The four of us, Zelda, Ex, August and I, looked terrible. None of us had gotten any sleep the night before. Having witnessed the event, we now sat in The Café , a club on Market Street, blanketed by darkness, strung out on alcohol and exhaustion. Ex was a regular at the place, and somehow we just followed him there. It was just a gay bar masquerading as a club. Saturday night and it was filled with people. To us the people were unwelcome. I didn't want them there. The sheer mass of weekend bridge and tunnel people threatened the solemnity of the occasion.

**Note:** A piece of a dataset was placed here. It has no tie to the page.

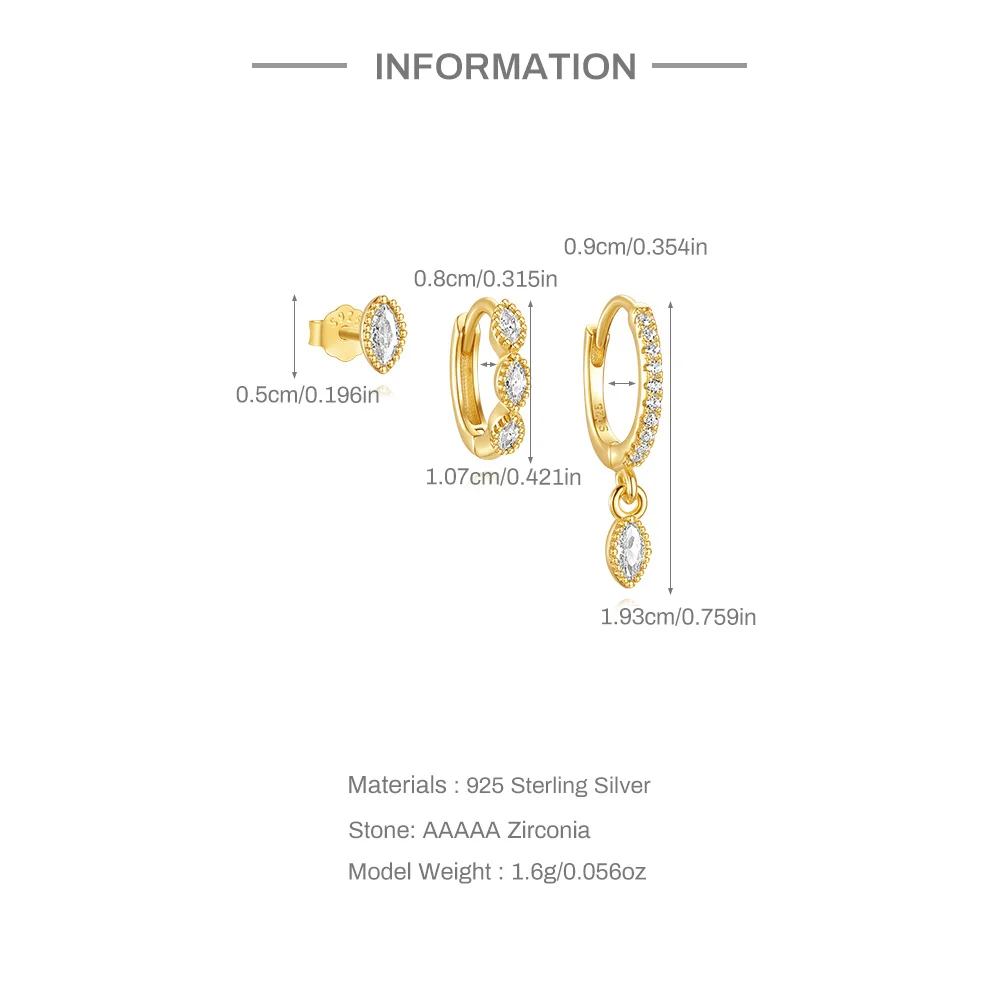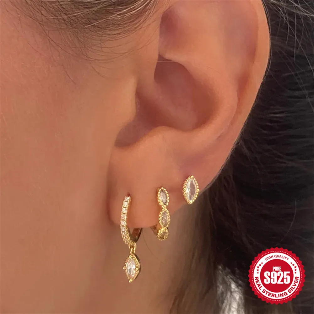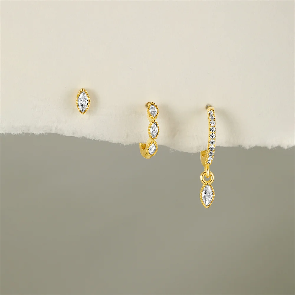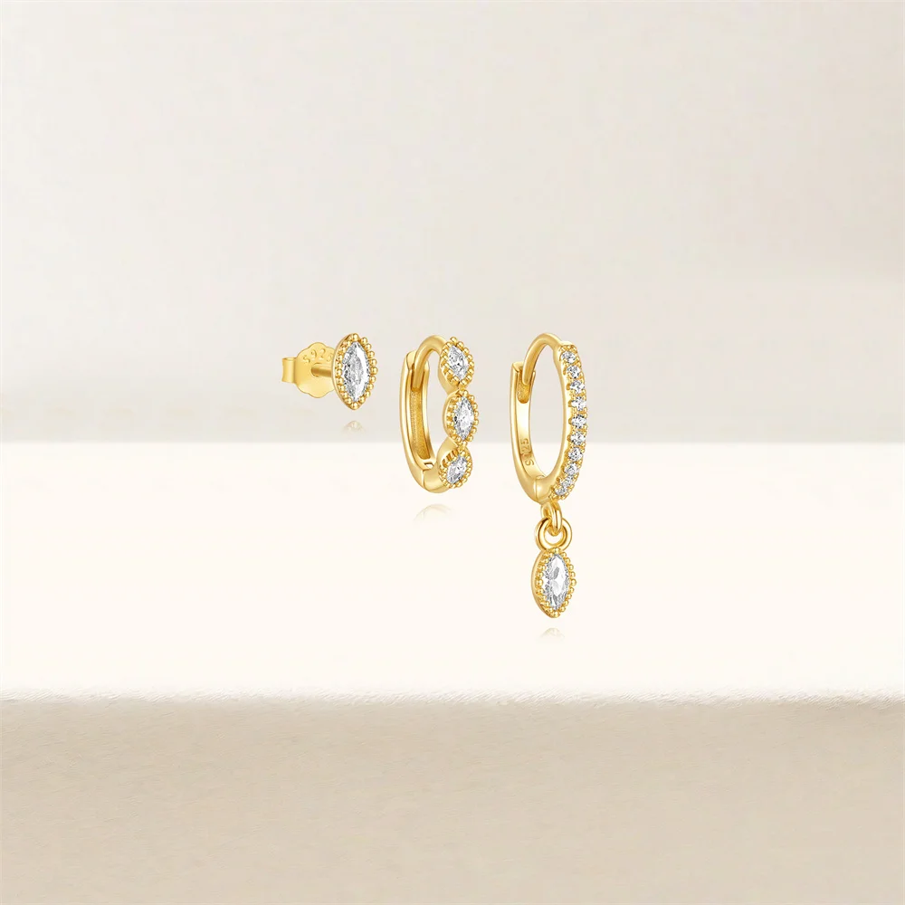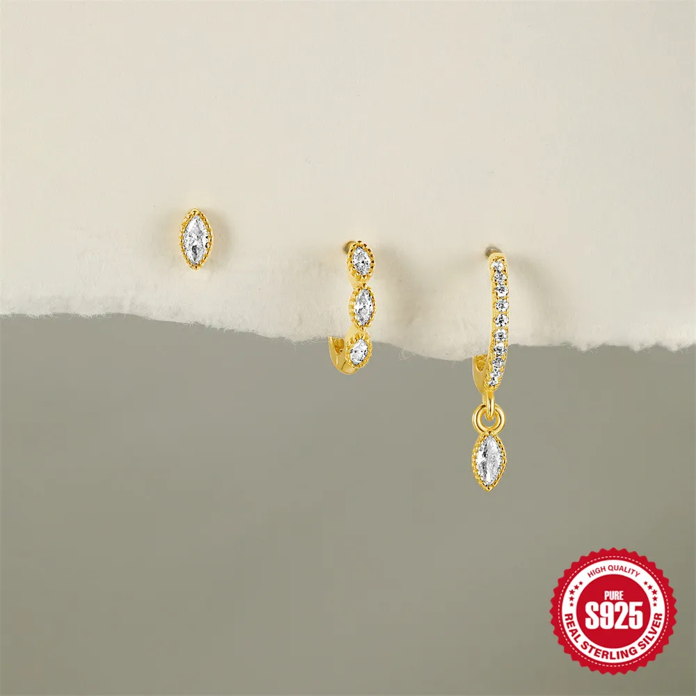 CANNER 3PCS Oval Shaped Horse Eye Zircon 925 Sterling Silver Earrings Set For Women 18K Gold Ins Minimalist Earring Fine Jewelry

We sat at one of the small tables at the edge of the dance floor. The smell of stale beer was mixed with spent cigarettes. We talked about Paolo. Over and over the same stupid clichés came out, changing only with the speaker's interpretation. August sat across the table from me, unable to remove his dark sunglasses, southern pride defending his masculinity. Exeter was seated next to him. Thin, wiry and intense, Ex usually carried himself with a combination of detachment and intellectualism which translated into an air of coldness. Paolo's death upset his facade, unbalancing his presence. Next to Ex sat Zelda, an alternative girl, with alternative hair, alternative clothes and an alternative air.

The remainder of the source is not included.